Tutaj punktem pierwszym jest kwestia jakości. Powszechną zasadą wszelkiej produkcji jest fakt, że monopolizacja rynku prowadzi do zwiększenia ceny i pogorszenia jakości produktu. Zwolennicy przymusu szczepień ignorują ten fakt, najwyraźniej uważając koncerny farmaceutycznie nie za firmy, które podlegają – jak wszystko i wszyscy – zasadom rynku, ale jak instytucje charytatywne, które „dokładają do interesu” by „zapewnić wszystkim bezpieczeństwo”. Cóż za wspaniałomyślność.
Tymczasem brak dużej konkurencji pozwala im dyktować wysokie ceny, za które płacimy w podatkach. Brak konkurencji sprawia, że można używać towaru gorszej lub wątpliwej jakości. I, o czym zapominają obrońcy fideistycznej wiary w bóstwo szczepionkowe, koncerny te nie robią tego za darmo, lecz mają zysk. I to ogromny. Zaznaczam, że chęć zysku nie jest niczym złym. Jednak twierdzenie, że nie robią tego dla pieniędzy, ukazuje, że zwolennicy przymusu mentalnie znajdują się na orbicie. I to niekoniecznie ziemskiej.
Drugi aspekt to kwestia wyboru. W przypadku obowiązku szczepień, czy to dana osoba albo rodzic wybiera, której szczepionki użyć? Czy robi to lekarz lub szpital?
Absurdalna propaganda
Tutaj mógłbym rozpisać się na temat tego, jakie absurdalne zarzuty są wystosowywane wobec tych uwag. Kilka tylko wypisałem na początek, a jest ich o wiele więcej. Zamiast tego zachęcam, by samodzielnie sprawdzić np. w Wikipedii hasło „szczepionka” czy „antyszczepionkowcy” i porównać to z powyższymi uwagami.

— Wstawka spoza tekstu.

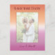 Lesbian wedding save the date postcard for two brides featuring the lesbian pride flag gradient—soft pink blending to warm orange—with photo and framed design. The front showcases your favorite engagement or pre-wedding photo framed by an elegant gradient border, with your names and "Save the Date" in script at the bottom. The back features a clean postcard layout with your personalized message, wedding date, location, and wedding website URL, plus space for guest address and postage. Convenient, eco-friendly, and cost-effective—no envelopes needed. Perfect for two brides who want a simple mailing solution that reflects their love and pride. All text elements are fully editable. For customization support, please email: remidevandesigns@gmail.com LoveOutLoudStudio©.
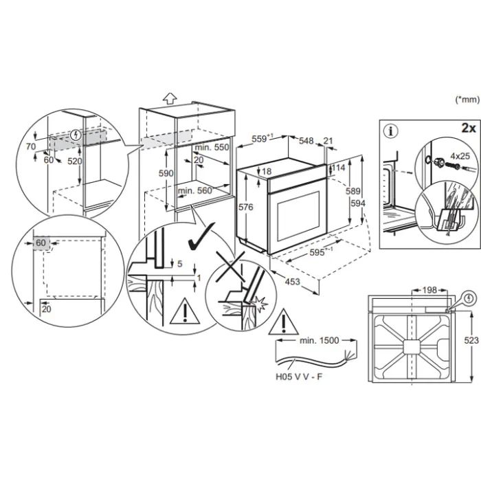 • Розміри ніші для вбудовування 59 х 56 х 55 см
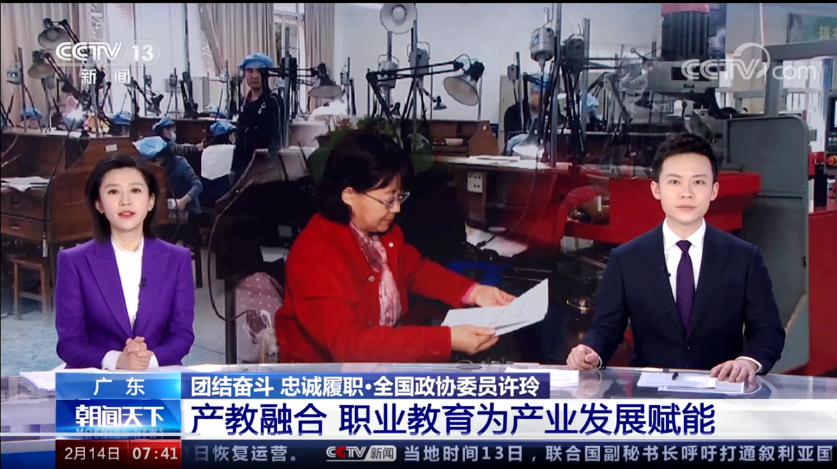 2月14日晚,央视晚上七点《新闻联播》和早间《朝闻天下》播发全国政协委员、民建广东省委会副主委、学校副校长许玲:深化产教融合 优化技能人才教育。
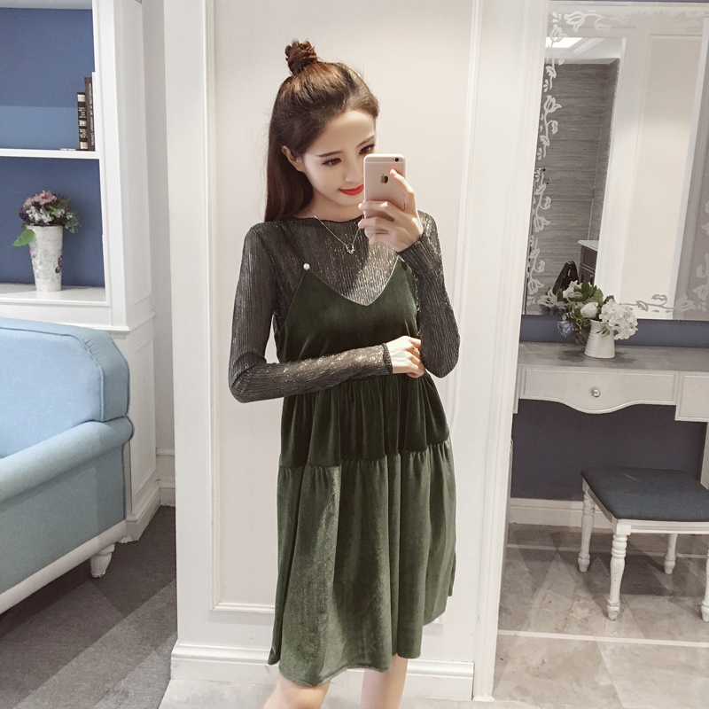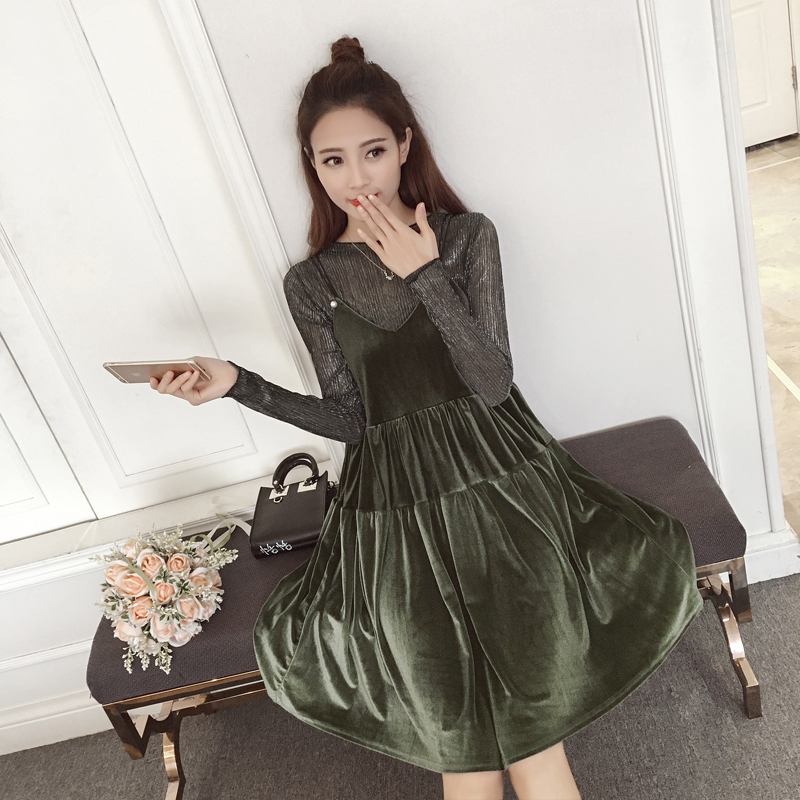 春裝新款女裝韓版絲絨吊帶裙兩件套顯瘦長袖打底連衣裙套裝潮

Na te nie ma do dnia dzisiejszego odpowiedzi. Zamiast tego wyzywa się osoby zadające pytania i rzuca starymi hasłami na temat nieaktualnych spraw. Jednocześnie zachowuje się poczucie dobrze wykonanego obowiązku oraz rzekomego naukowego podejścia do sprawy. Tymczasem w rzeczywistości jest to zwykłe podążanie w stadzie w z góry wyznaczonym kierunku. Dziwi tylko, że tak łatwo wiele osób daje się dzisiaj na to złapać.